KISAH DALAM DIARY
"Apakah kamu yakin akan membukanya, Za? Kan kita tidak tahu itu punya siapa? Apa tak sebaiknya ... kita kasih tahu ibu kost saja?" rengek Tari yang masih ragu dengan keputusan Iza, sahabatnya, untuk membuka sebuah buku diary bergambar sketsa kupu-kupu, yang mereka temukan tadi pagi di halaman belakang rumah kost mereka. Tanpa sengaja.
***
Rerintik gerimis masih bertahan di langit pagi, mengguyur lembut tubuh Tari dan Iza yang tengah mencari cacing di halaman belakang rumah kost untuk praktik biologi di sekolah nanti siang. Namun tanpa sengaja, cangkul yang mereka gunakan untuk menggemburkan tanah, menabrak sesuatu yang keras. Sebuah kotak. Kotor dan penuh lumpur.

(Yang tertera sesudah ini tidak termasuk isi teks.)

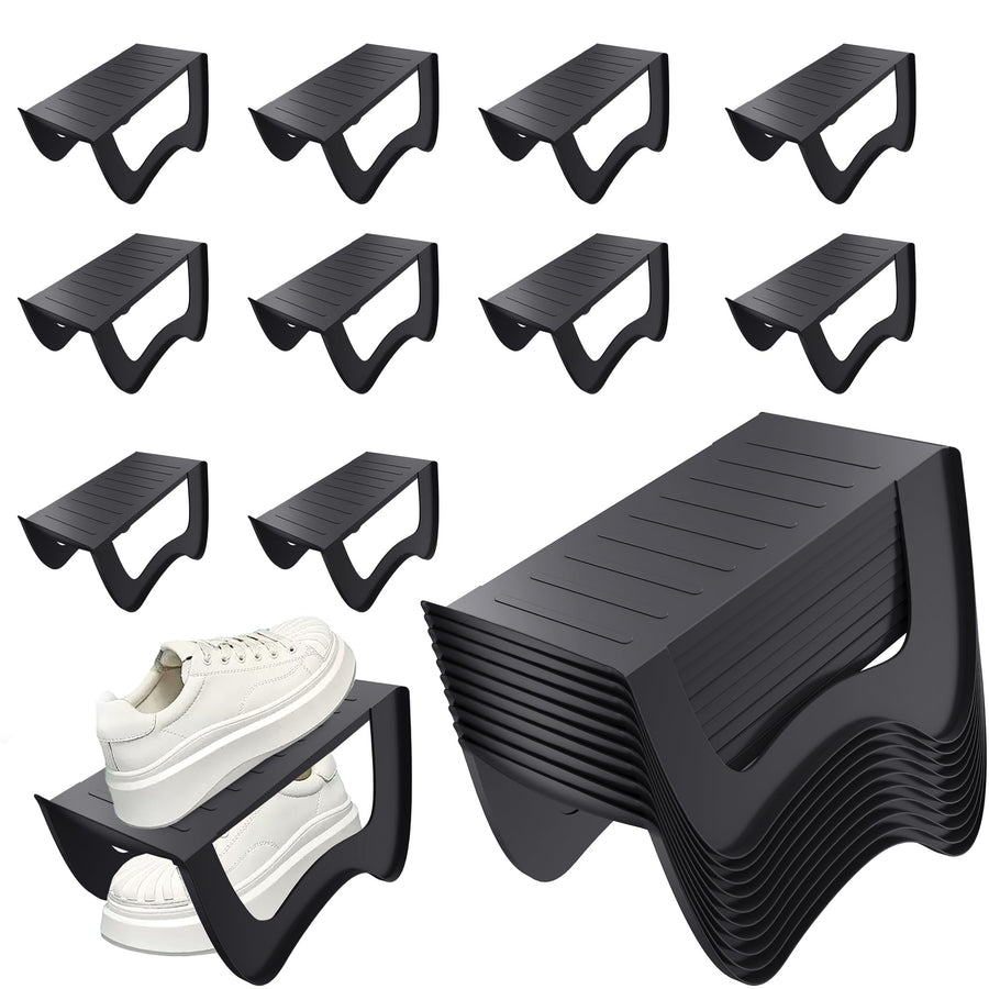 - Sichere und rutschfeste Konstruktion: Das doppellagige Schuhregal ist mit einem rutschfesten Stabmuster ausgestattet, das die Stabilität des Regals erhöht und zuverlässig verhindert, dass Schuhe verrutschen oder herunterfallen. So bleiben Ihre Schuhe
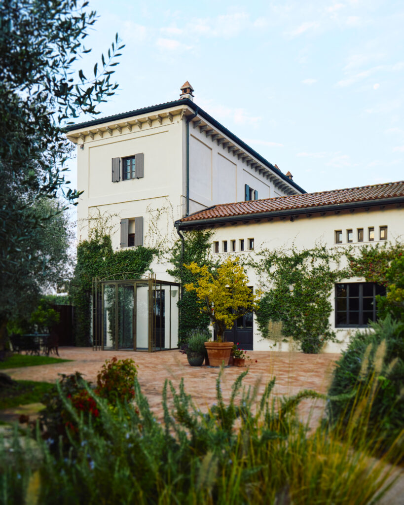 Percorri la via che da Verona ti porta nella Bassa Veronese, verso Oppeano, per circa venti chilometri. I capannoni che spesso fiancheggiano la strada oscurano la bellezza della riserva naturale della Valle del Feniletto. Arrivi al ristorante della Famiglia Rana, che accorpa ben sessantaquattro ettari di biodiversità ed entri in un elemento inserito in questo ambiente naturale, percependolo immediatamente. Gianluca Rana – figlio di Giovanni Rana, patron della pasta ripiena, uomo di rara umiltà che si è fatto da solo – ha scelto questo scrigno di bellezza per condividerla con altri. Ecco che un edificio, un tempo dedicato allo stoccaggio di tabacco e riso, si trasforma in un luogo unico, dove l’incontro tra opere antiche, moderne e plurimillenari fossili contribuisce a farti sentire fuori dal tempo.
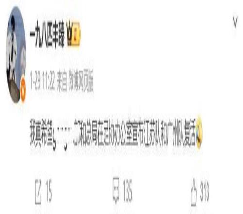 高薪+高獎(jiǎng)金,以及極其嚴(yán)苛的隊(duì)規(guī),讓當(dāng)時(shí)的廣州恒大球員和教練團(tuán)隊(duì)沒(méi)必要為了一點(diǎn)小錢(qián)而鋌而走險(xiǎn)。沒(méi)有從業(yè)人員涉事,更讓人惋惜廣州隊(duì)的解散。對(duì)此,記者豐臻在個(gè)人社交平臺(tái)上呼吁(下圖),我真希望足協(xié)宣布江蘇隊(duì)和廣州隊(duì)復(fù)活。
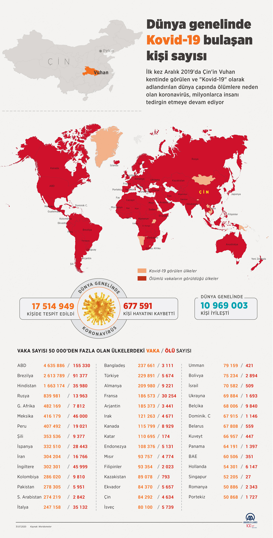 Dünya genelinde Kovid-19 tespit edilen kişi sayısı 17 milyon 496 bini geçti
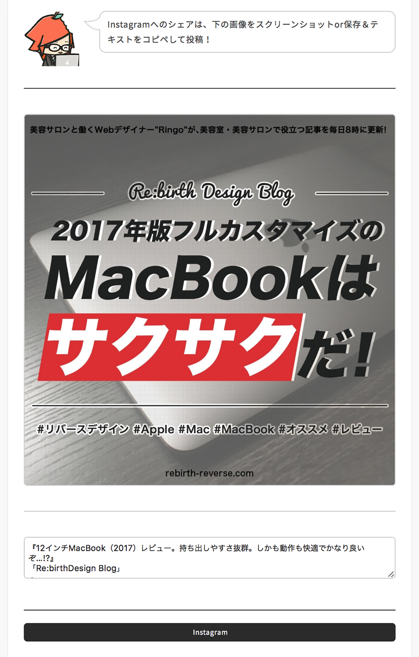 記事下にインスタでシェアしてもらいやすくするためのパーツを設置しました。

Rasa penasaran Za, sapaan akrab gadis berambut ikal itu, memaksa kedua tangannya mengayunkan cangkul lebih dalam lagi.
Setelah dibersihkan, kotak tersebut mereka simpan di bawah kolong tidur kamar Za. "Nanti sepulang sekolah kita buka ya, Ta!"
Sepulang sekolah, rasa penasaran yang sudah menggunung di benak kedua bocah berseragam putih abu-abu tingkat kedua itu, akhirnya dapat meletus juga. Dengan sebuah Cutter, akhirnya kotak tersebut dapat dibuka.
"Diary? Punya siapa ya, Za?" tanya Tari menatap dalam kedua mata sahabatnya.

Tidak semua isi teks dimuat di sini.